• PROBLEM STATEMENT:
All lines in the records below from the line with "Außerhalb des Beetes" through the line with "BODE-JP062 魔鍵闘争 魔法" are to be given again exactly, both ends included; the pictures are to be left out.

• INPUT RECORDS:
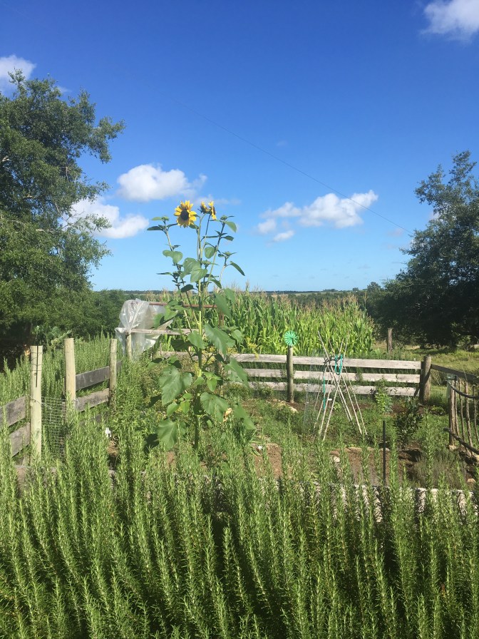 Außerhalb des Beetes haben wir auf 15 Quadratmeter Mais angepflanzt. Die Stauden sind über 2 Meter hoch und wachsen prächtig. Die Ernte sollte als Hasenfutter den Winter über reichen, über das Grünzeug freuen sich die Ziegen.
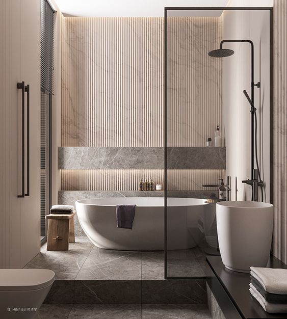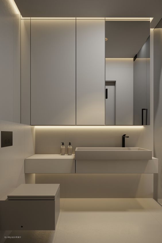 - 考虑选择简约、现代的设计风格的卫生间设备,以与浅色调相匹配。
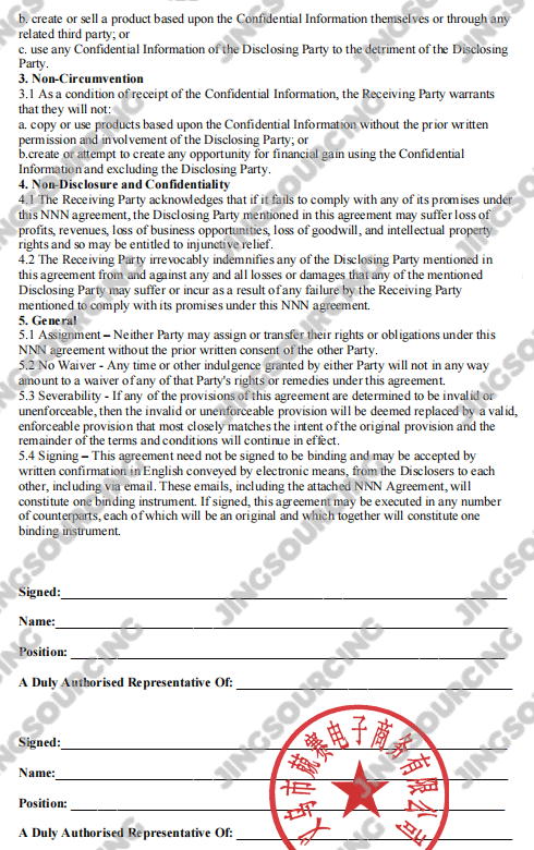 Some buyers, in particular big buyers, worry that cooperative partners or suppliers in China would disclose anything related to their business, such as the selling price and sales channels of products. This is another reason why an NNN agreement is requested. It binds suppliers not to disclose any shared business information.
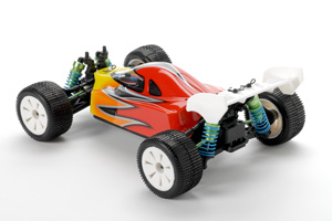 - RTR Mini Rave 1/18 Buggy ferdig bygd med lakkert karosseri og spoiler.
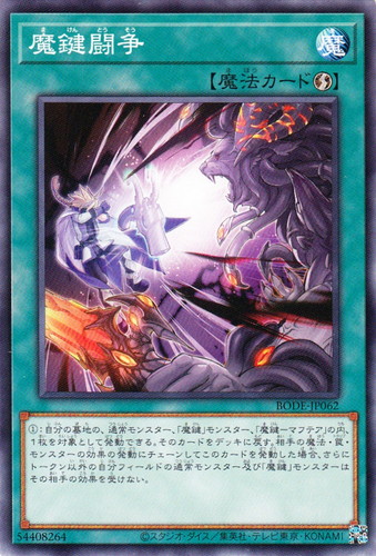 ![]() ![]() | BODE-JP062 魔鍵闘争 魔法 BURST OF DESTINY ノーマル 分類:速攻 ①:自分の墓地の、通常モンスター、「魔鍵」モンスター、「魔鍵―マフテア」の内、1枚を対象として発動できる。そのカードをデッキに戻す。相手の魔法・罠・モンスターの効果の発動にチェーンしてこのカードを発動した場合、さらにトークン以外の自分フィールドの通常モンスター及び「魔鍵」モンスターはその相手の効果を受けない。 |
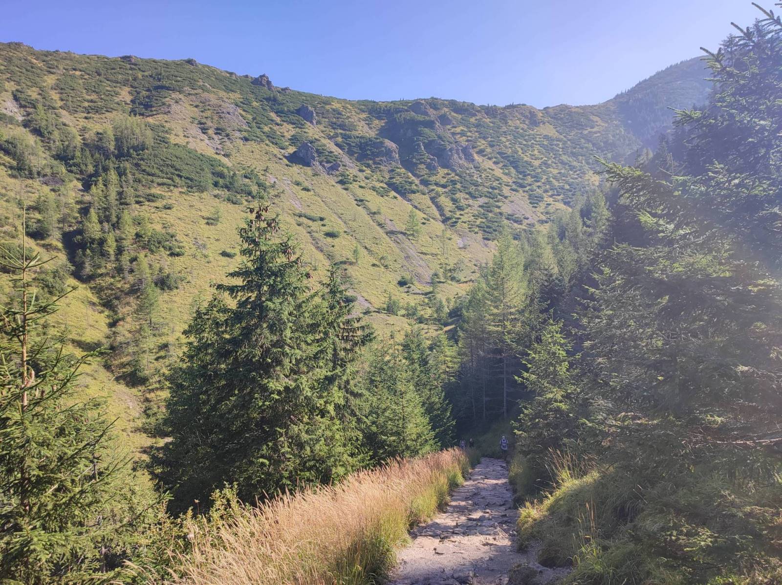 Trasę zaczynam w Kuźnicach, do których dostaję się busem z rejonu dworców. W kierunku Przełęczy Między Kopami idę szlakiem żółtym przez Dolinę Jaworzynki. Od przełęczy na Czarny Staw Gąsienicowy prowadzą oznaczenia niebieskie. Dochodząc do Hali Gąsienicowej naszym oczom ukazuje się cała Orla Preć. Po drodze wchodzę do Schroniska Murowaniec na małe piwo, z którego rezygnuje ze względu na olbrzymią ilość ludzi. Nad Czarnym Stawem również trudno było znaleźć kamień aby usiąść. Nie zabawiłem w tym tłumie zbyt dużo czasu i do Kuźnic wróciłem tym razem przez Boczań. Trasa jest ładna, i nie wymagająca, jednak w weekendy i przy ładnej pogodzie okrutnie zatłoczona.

--

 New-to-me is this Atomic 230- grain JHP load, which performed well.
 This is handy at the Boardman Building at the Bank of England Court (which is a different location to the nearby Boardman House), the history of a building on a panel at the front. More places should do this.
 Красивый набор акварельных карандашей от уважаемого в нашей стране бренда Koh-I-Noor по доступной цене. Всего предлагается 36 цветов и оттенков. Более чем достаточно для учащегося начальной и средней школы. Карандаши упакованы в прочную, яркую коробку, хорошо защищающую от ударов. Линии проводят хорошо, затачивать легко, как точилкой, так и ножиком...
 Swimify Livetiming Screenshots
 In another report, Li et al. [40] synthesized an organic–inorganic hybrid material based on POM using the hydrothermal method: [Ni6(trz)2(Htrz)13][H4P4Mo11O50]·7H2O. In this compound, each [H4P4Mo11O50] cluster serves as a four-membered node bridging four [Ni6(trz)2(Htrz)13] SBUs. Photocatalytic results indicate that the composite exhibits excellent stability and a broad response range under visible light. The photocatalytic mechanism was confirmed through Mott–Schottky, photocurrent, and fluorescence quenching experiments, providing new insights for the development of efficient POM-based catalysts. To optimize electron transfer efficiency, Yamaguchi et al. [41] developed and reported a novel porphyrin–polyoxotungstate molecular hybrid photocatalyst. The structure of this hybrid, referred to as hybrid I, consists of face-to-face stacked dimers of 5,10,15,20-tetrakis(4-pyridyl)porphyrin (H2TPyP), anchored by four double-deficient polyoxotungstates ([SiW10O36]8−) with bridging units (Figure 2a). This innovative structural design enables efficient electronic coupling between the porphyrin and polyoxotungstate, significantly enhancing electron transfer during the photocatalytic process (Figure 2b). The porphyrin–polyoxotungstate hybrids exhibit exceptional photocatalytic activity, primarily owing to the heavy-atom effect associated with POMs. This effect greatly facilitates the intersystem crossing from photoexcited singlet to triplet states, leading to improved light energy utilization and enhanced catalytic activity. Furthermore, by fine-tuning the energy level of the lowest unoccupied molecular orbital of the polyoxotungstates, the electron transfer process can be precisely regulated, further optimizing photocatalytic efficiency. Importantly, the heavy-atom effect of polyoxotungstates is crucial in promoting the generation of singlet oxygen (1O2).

==

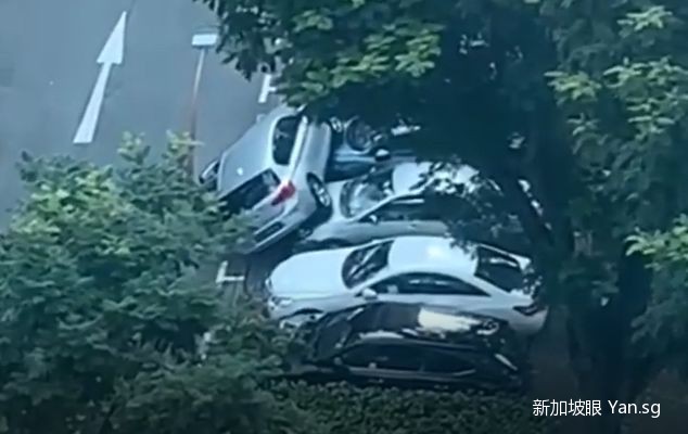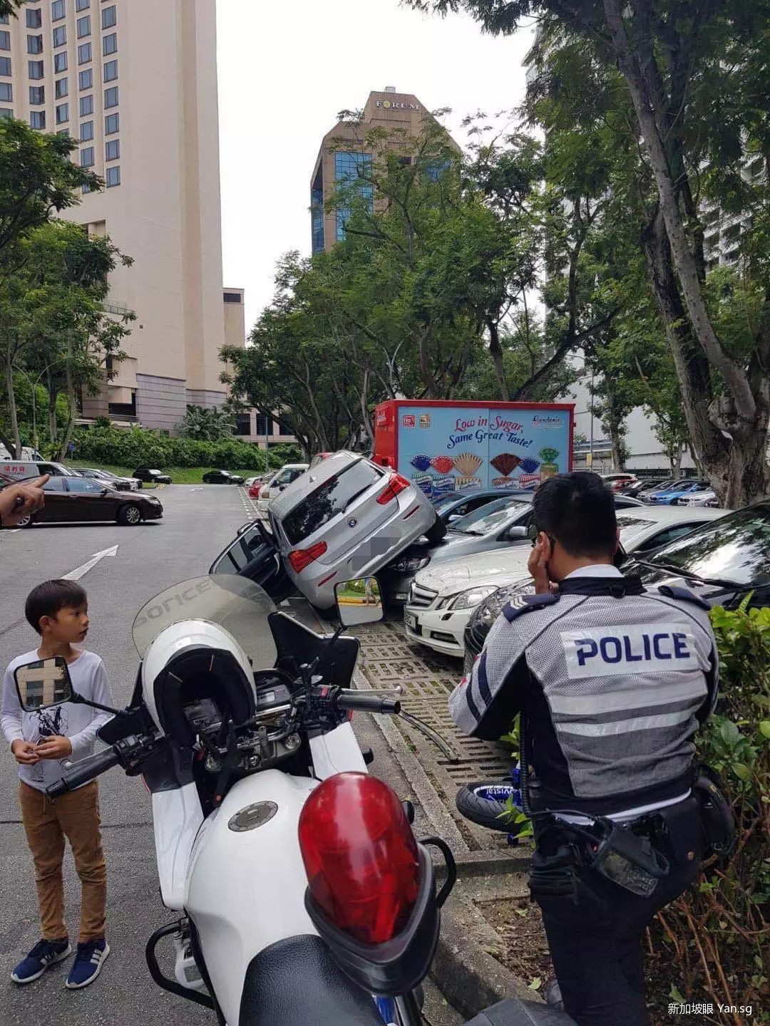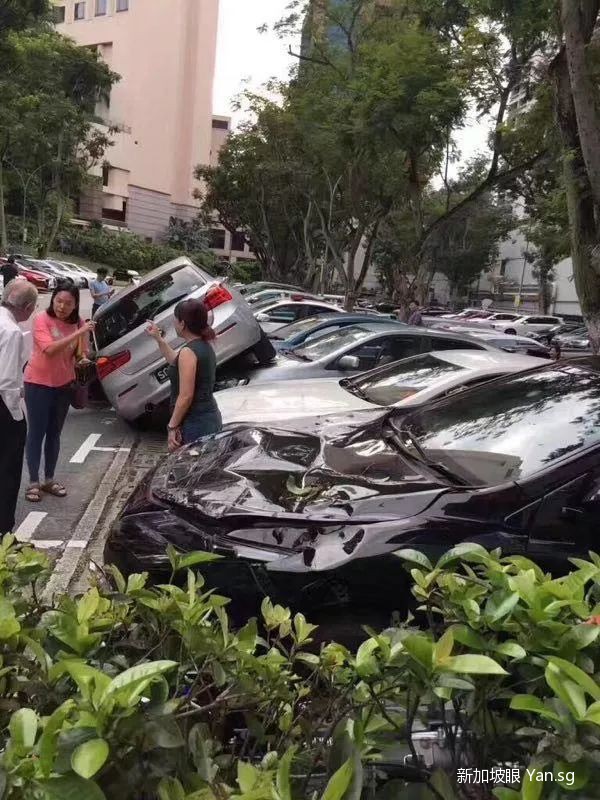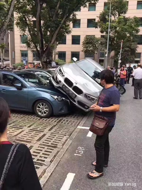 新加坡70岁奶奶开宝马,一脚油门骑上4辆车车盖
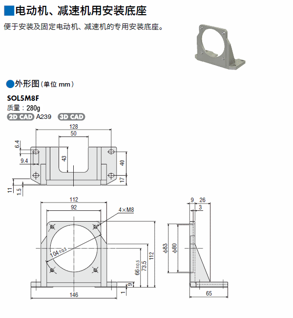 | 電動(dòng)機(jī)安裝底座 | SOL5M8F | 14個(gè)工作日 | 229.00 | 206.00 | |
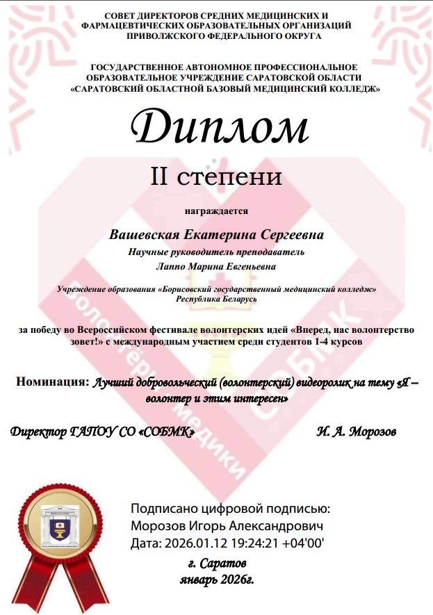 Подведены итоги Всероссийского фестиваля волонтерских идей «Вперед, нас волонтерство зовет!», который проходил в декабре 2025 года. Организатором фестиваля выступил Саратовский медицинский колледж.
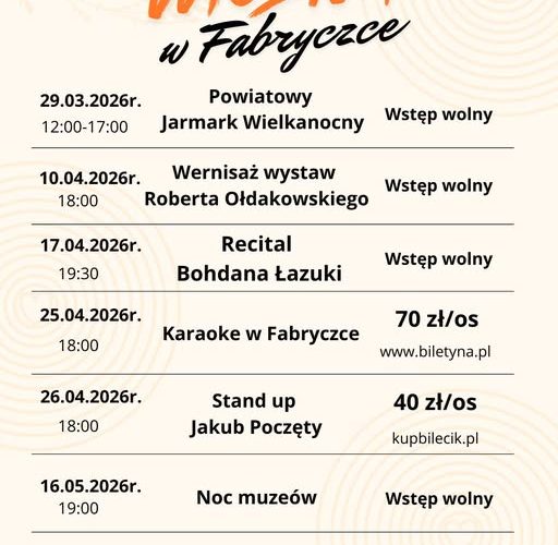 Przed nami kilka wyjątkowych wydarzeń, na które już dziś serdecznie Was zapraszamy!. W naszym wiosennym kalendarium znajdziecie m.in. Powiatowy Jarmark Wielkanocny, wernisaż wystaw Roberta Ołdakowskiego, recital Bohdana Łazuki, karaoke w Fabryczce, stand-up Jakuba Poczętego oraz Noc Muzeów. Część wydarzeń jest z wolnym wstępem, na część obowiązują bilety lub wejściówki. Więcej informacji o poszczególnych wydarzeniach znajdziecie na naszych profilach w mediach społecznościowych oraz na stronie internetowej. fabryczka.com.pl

• EXERCISE RESULT:
 Außerhalb des Beetes haben wir auf 15 Quadratmeter Mais angepflanzt. Die Stauden sind über 2 Meter hoch und wachsen prächtig. Die Ernte sollte als Hasenfutter den Winter über reichen, über das Grünzeug freuen sich die Ziegen.
 - 考虑选择简约、现代的设计风格的卫生间设备,以与浅色调相匹配。
 Some buyers, in particular big buyers, worry that cooperative partners or suppliers in China would disclose anything related to their business, such as the selling price and sales channels of products. This is another reason why an NNN agreement is requested. It binds suppliers not to disclose any shared business information.
 - RTR Mini Rave 1/18 Buggy ferdig bygd med lakkert karosseri og spoiler.
 ![]() ![]() | BODE-JP062 魔鍵闘争 魔法 BURST OF DESTINY ノーマル 分類:速攻 ①:自分の墓地の、通常モンスター、「魔鍵」モンスター、「魔鍵―マフテア」の内、1枚を対象として発動できる。そのカードをデッキに戻す。相手の魔法・罠・モンスターの効果の発動にチェーンしてこのカードを発動した場合、さらにトークン以外の自分フィールドの通常モンスター及び「魔鍵」モンスターはその相手の効果を受けない。 |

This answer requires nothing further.